→ **Record extracts**
########
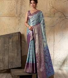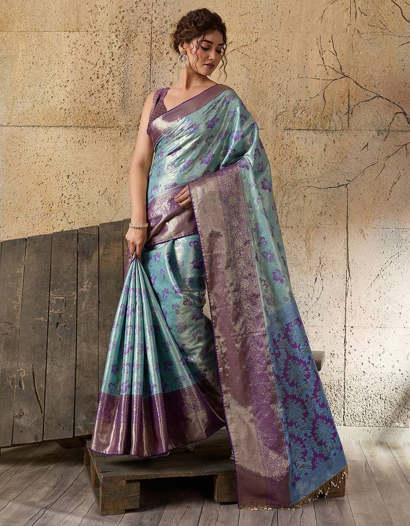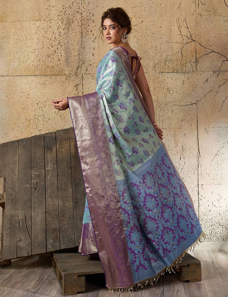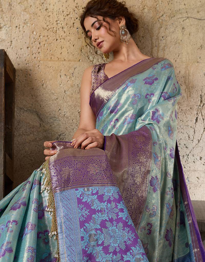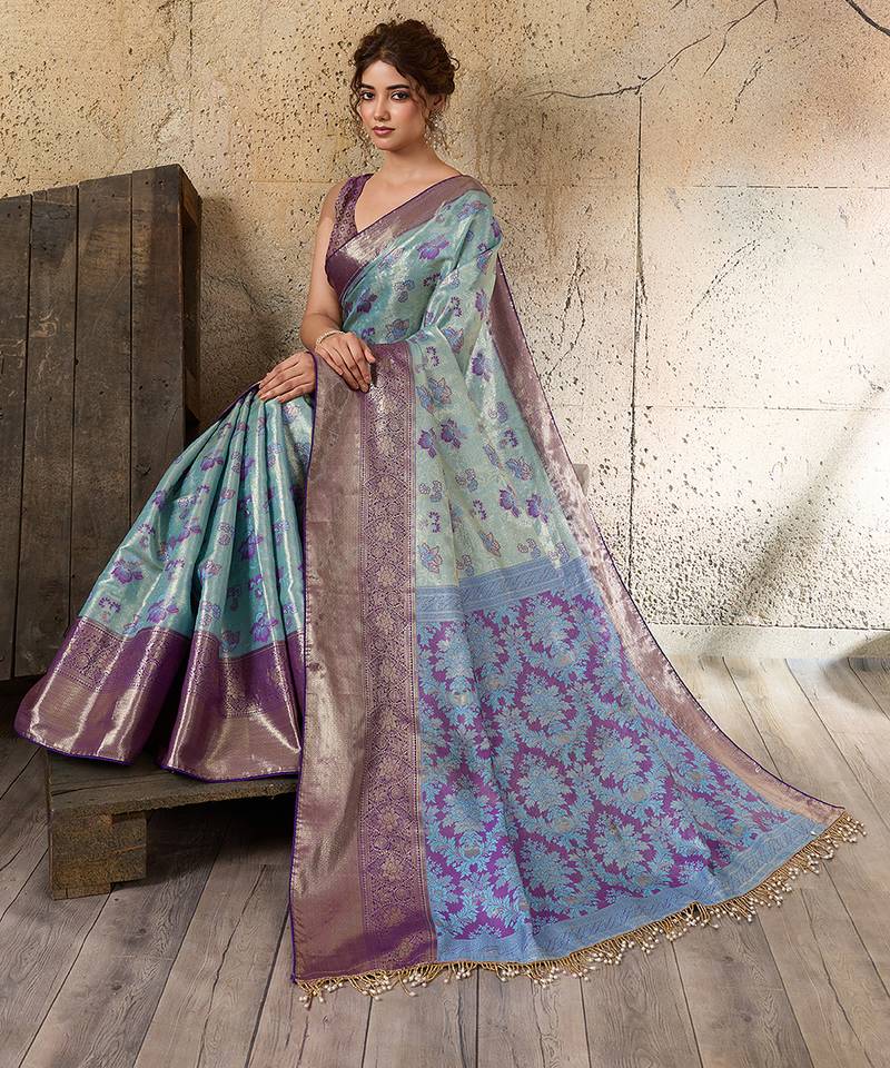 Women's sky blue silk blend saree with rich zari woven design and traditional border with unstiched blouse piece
########
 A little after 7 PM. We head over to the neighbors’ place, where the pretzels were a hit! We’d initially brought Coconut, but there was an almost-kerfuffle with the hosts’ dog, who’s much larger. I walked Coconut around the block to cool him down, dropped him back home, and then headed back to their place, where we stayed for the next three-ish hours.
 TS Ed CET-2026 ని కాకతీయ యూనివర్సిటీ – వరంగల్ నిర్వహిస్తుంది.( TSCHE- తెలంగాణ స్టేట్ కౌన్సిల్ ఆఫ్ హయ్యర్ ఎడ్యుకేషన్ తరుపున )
########
Looking at the data above, return every line from the one with "A little after" down to the one with "TS Ed CET-2026", exactly and inclusively.

 A little after 7 PM. We head over to the neighbors’ place, where the pretzels were a hit! We’d initially brought Coconut, but there was an almost-kerfuffle with the hosts’ dog, who’s much larger. I walked Coconut around the block to cool him down, dropped him back home, and then headed back to their place, where we stayed for the next three-ish hours.
 TS Ed CET-2026 ని కాకతీయ యూనివర్సిటీ – వరంగల్ నిర్వహిస్తుంది.( TSCHE- తెలంగాణ స్టేట్ కౌన్సిల్ ఆఫ్ హయ్యర్ ఎడ్యుకేషన్ తరుపున )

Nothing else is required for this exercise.